The other pieces Collins has here give other angles of our lifelong love affair with music. The World Won’t Listen screens three videos of individuals singing the same karaoke song side by side, noise treated walls giving some separation. There’s a shyness and an earnestness to each, in a beautifully genuine way, with the actual performances being far from the point. the meaning of style is a short film following a group of Malayan anti-fascist skinheads, the joyous music accompanying it and the eruption of colourful butterflies to gently rest upon them highlighting the interesting twist on a group repurposing a subculture so steeped in right-wing nationalist hate to lend to something inspiring.

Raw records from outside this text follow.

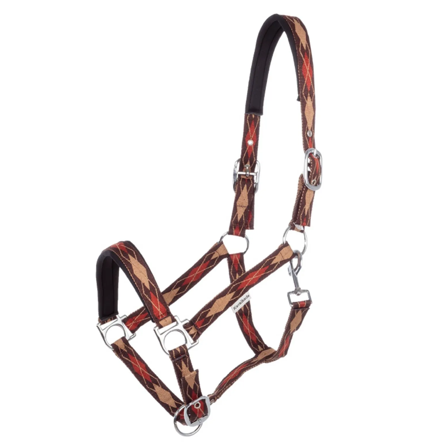 Das Halfter „Classic Raute“ mit seinen modernen Farben im Karomuster ist ein toller Blickfang auf jedem Pferdekopf. Das Genick und die Nase sind weich gepolstert. Für einen perfekten Sitz kann das Halfter beidseitig sowie unten verstellt werden. Die Beschläge sind in silber.
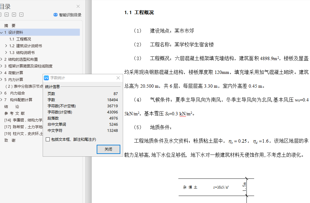 The project for the frame structure, main body of six layers the region seismic fortification intensity is 6 degrees, the second group, site category III class site. Dominant wind direction for the southwest the basic wind pressure of 0.45 KN/m, basic snow pressure of 0.3 KN/m2. Floor, roof adopts the cast-in-place reinforced concrete structure.
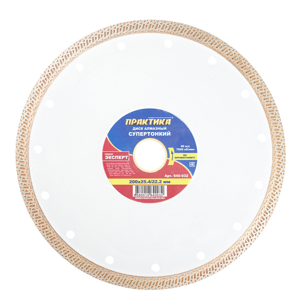 Диск алмазный по керамограниту Практика 200×25,4×1,8 мм турбо мокрый рез (640-032)

The one part of Collins’ collection that seemed a bit cut off in execution from the others at first was Bring Down The Walls, a screening of the titular movie about the titular group whose purpose was to educate and rally about the dangers and damage of the U.S. prison-industrial complex. An extremely impactful and important film, revolving around the group’s goal to reaffirm and aid former prisoners coming back into the “free world”, the obvious connection to Collins’ work here is the use of club music as an important tool for motivating and helping the disenfranchised, that connection being a lifeline for them. It seems at first glance that the only contribution Collins has to this media and narrative is replicating the physical scenery Bringing Down The Walls used for their clubbing space, but upon further investigating, it seems Collins and Phi Foundation will also be implementing and replicating the groups forums and talks around the issues of incarceration with a Canadian and Montreal specific lens.
Phil Collins and Eva & Franco Mattes present to us our own relationships with the media we consume without even thinking. Music and the internet are near-omnipresent in our lives, and the impact that our experiences with them can have on our lives and our world cannot be understated. These artists present an intimate connection with these forms: both an empowering, comforting intimacy and a captivating, uncomfortable intimacy. And through both exhibitions that the Phi Foundation is presenting, we are able to reflect on what is it that media means to us, and how we feel about our own consumption.